Would a bank let us go interest only on our mortgage at least til we clear our loans then we'd be in a better situation to cover the gap between what we'd get for rent and what we have to repay in our mortgage each month. We were hoping to rent a house for 1100-1200 a month.

Any advice would be much appreciated


----------



## Brendan Burgess (11 May 2010)

Are you on a tracker rate? if you rent out the house, they may well switch you to the investment property rate which might be a lot higher. 

Why not try to sell the apartment? You will have an additional loan of €60k to pay off but you have fairly good salaries. 

Brendan


----------



## southside100 (11 May 2010)

No we're actually on a Variable of 4.05% but we're considering fixing soon with rumours that the rates are predicted to rise sharply in the next few years?

Would a bank let you sell a property even though we still owed them 60k? I didn't think they would allow this...


----------



## Brendan Burgess (11 May 2010)

Hi southside

I don't think that fixing is a good idea as you need flexibility at this stage. 

If you can come up with a repayment plan for the deficit, the bank should allow you to sell. 

Ask them.

Brendan


----------



## cearnog (13 May 2010)

Im not sure where you are based but cork city and county council are currently looking for 1 and 2 bedroom houses and apartments for council tenants. They take 20-30 year leases and guarantee rent even if they dont have tenants in the house(no wonder the country is in such a mess). If your local council offers the same deal then availing of it might be an option.


----------



## lotus (17 May 2010)

I wonder are councils doing this in any other region?


----------



## ontour (17 May 2010)

I think it would be advisable for you to look at the situation in the format of one of the 'Money Makeover' layouts.  By renting out your own property, you should probably only count 10 months rent to allow for voids.  You will also have to factor in loss of mortgage interest relief, insurance, management fees, letting costs, PRTB registration etc. etc.  The return from renting might be a lot less than you think.

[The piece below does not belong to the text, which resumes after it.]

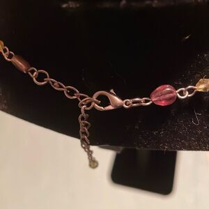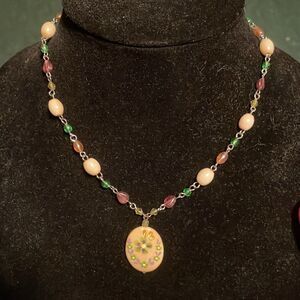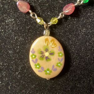 Pretty for Spring or Summer, this painted ceramic pendant with green, amber, pink and cream beads on chain is a beautiful accessory.

Putting rent on top of this would likely leave you very little scope to finance any other loans or to save.

Although living in a one bed apartment with a child is not ideal, it may be better to put up with it for a year or two and maximise your debt reduction or savings to allow you to move on.  The alternative is to find a family member with a property with more space than they need and swap residences for a few years.


----------



## miami1122 (18 May 2010)

Why not have your baby stay with you and your hubby in the same room for the meantime? Rather than thinking of moving to a bigger apartment. It'll somehow help you in your finances.


----------



## southside100 (19 May 2010)

thank you all for your replies, I think we're gonna stick it out for the next 2 to 3 years in our apartment until we clear our loans and then take another look at the situation.

When he gets a bit bigger I think we may have get a sofa bed for our living room and give up our bedroom for our child, after all its not his fault we got ourselves into this situation.

There are people a lot worse off than us so I don't think we can complain too much really!


----------



## fizzelina (19 May 2010)

I know a couple in a similar situation,when the baby got to toddler size they put a cheap partition wall in the bedroom, made it into 2 rooms,enough room for toddler to have a single bed and chest of drawers and were able to stay in the apt. It helped that the apt bedroom was a big enough room to do it. It could be a low cost option to do this instead of the sofa bed.


----------